### [WHAT THE TASK ASKS]
What you need to produce from the material below is an exact transcription of the lines from the one with "того, что сейчас" through the one with "Deputy Commissioner Office", both included, and no other line.

### [INPUT RECORDS]

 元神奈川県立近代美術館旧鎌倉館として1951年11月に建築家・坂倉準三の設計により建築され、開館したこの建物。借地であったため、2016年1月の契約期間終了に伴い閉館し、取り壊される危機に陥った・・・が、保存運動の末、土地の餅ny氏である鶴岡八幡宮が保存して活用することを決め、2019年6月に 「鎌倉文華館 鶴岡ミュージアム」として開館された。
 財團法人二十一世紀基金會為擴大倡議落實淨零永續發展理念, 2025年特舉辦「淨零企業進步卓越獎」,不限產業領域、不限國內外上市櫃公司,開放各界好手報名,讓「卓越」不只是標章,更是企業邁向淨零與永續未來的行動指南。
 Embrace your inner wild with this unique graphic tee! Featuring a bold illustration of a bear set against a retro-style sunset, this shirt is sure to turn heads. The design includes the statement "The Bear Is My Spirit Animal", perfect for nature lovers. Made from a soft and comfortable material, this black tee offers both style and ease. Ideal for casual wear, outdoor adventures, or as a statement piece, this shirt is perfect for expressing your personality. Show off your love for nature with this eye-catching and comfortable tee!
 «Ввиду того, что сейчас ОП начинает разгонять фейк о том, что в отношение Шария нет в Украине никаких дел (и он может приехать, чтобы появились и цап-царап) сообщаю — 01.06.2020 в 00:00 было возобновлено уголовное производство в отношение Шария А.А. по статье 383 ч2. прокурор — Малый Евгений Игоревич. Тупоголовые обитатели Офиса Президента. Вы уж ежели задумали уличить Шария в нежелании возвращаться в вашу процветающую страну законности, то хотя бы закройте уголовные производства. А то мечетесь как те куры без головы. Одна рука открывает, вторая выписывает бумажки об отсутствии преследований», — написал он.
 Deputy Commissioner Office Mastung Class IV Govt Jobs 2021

--

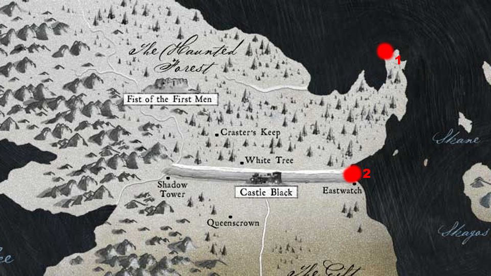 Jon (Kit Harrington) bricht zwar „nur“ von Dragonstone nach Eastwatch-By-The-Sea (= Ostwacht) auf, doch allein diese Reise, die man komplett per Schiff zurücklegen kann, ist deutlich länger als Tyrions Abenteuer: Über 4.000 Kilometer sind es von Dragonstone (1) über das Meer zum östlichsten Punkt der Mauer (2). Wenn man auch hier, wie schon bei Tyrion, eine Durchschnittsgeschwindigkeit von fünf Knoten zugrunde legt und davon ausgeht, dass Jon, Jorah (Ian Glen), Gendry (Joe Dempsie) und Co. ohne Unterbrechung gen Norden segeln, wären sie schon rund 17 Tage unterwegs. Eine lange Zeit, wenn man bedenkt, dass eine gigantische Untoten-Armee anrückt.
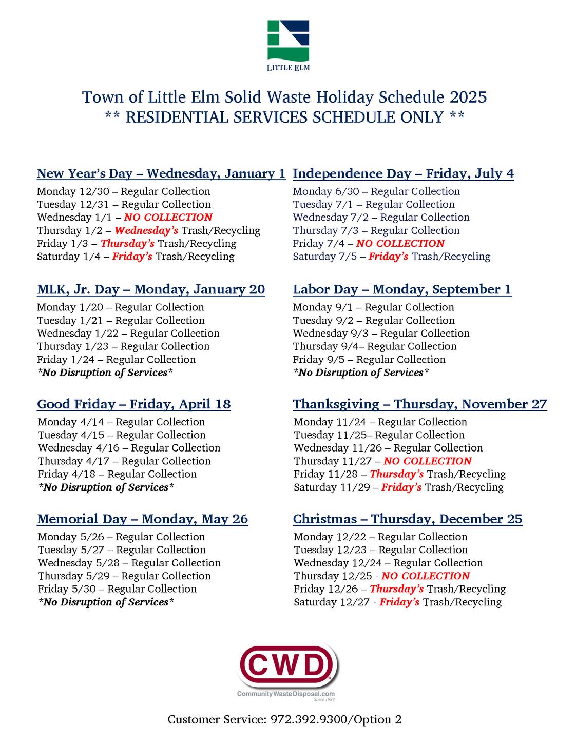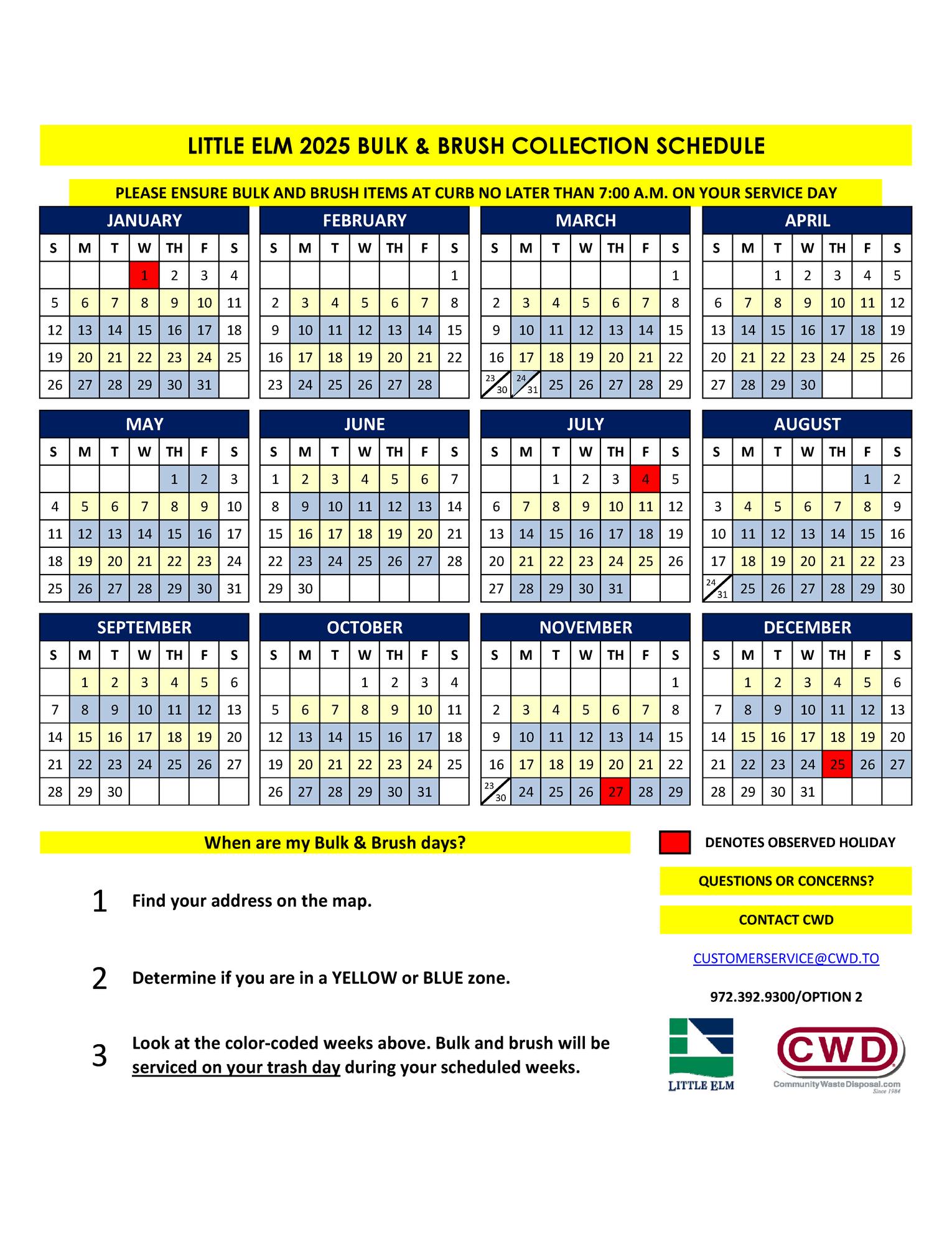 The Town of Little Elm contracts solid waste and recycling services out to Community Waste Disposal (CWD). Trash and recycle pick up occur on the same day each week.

### [TASK RESULT]
 «Ввиду того, что сейчас ОП начинает разгонять фейк о том, что в отношение Шария нет в Украине никаких дел (и он может приехать, чтобы появились и цап-царап) сообщаю — 01.06.2020 в 00:00 было возобновлено уголовное производство в отношение Шария А.А. по статье 383 ч2. прокурор — Малый Евгений Игоревич. Тупоголовые обитатели Офиса Президента. Вы уж ежели задумали уличить Шария в нежелании возвращаться в вашу процветающую страну законности, то хотя бы закройте уголовные производства. А то мечетесь как те куры без головы. Одна рука открывает, вторая выписывает бумажки об отсутствии преследований», — написал он.
 Deputy Commissioner Office Mastung Class IV Govt Jobs 2021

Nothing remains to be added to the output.